Clonal cytogenetic abnormalities (CCA) were detected in Philadelphia chromosome (Ph)-negative cells in some patients with chronic myeloid leukemia (CML) who attained a cytogenetic response to imatinib mesylate. In some patients, CCA/Ph-negative status was associated with myelodysplasia or acute myeloid leukemia. The objective of the current study was to determine the prognostic impact of CCA/Ph-negative cells.

METHODS.

The authors compared the pretherapeutic risk factors (Kruskall-Wallis test), exposure to cytotoxic drugs (chi-square test), and overall and progression-free survival (Kaplan-Meyer and logistic regression analysis, respectively) of 515 patients with mostly chronic-phase CML who were treated with imatinib mesylate after failure of interferon-α according to whether they attained a major cytogenetic response (MCR) (n = 324 patients), an MCR with CCA/Ph-negative status (n = 30 patients), or no MCR (n = 161 patients).

RESULTS.

CCA/Ph-negative status most frequently involved chromosomes Y, 8, and 7. No significant differences in pretherapeutic risk factors were detected between patients who attained an MCR with and without CCA/Ph-negative cells, except that exposure to alkylating agents was more frequent in patients with CCA/Ph-negative cells, and overall and progression-free survival were identical.
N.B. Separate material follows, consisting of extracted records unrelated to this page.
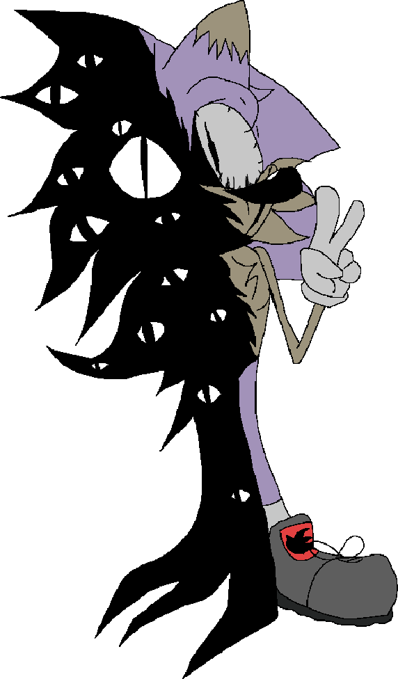 The Pretender, Michael or nicknamed Velocity Igelcotten (The Hedgehog in Swedish) by himself, is a malicious urban deity first drawn by Alcks on the 23rd of September, 2022 on a sheet of paper, first posted in a Discord DM. In his story, he is a Swedish urban legend known for mocking the appearance of Sonic, only being able to reveal his true form from one side, it resembling a black tentacled mess with glowing eyes all over.
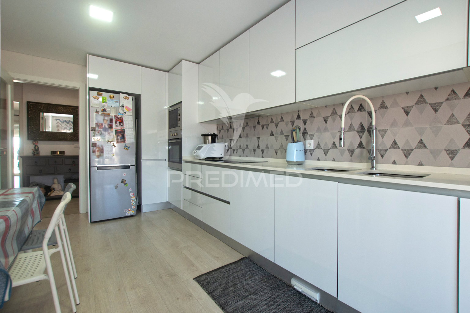 - Küche ausgestattet mit Cerankochfeld, Backofen, Dunstabzugshaube, Wasserkocher, Wasserkocher, Geschirrspüler, Waschmaschine, mit direktem Zugang zu einem geräumigen Balkon
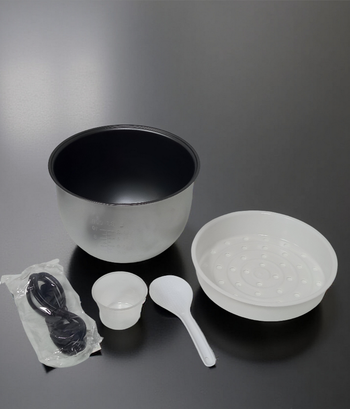 Набор для мультиварки: Внутренняя чаша 5 литров 24 х 14 см, ложка, мерный стаканчик, контейнер-пароварка 22,5 х 20,5 см (внутренний диаметр) х 4,5 см, кабель питания.
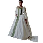 This Toledo gown has its root deep into the Italian Medici Family. With a name from Grand duchess Eleanor, the pure cotton velvet masterpiece sports layers of colored satin. To reflect the unique detailed fashion taste of the Medici Duchess, the gown also has some adornments and notable 28 marching pearl buttons on the sleeves. With the sleeves release to reveal its silk blouse and the illusion of a slim waistlines fostered but the Bumroll, the floor length hoopskirt and the rolled out chest line corset, it is not har to see why the deceased wife of Grand Duke Cosimo would want to sleep in it forever.
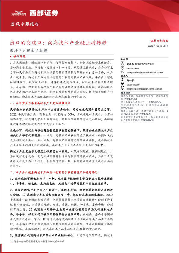【西部证券】【20230808】兼评7月进出口数据:出口的突破口,向高技术产业链上游转移-19页

With a median follow-up of 51 months, only 2 patients developed myelodysplastic syndromes (MDS).

CONCLUSIONS.

The overall prognosis for patients who had CML with CCA/Ph-negative status was good and was driven by the CML response to imatinib mesylate. Isolated CCA/Ph-negative cells in the absence of morphologic evidence of MDS do not justify a change in therapy. Cancer 2007. © 2007 American Cancer Society.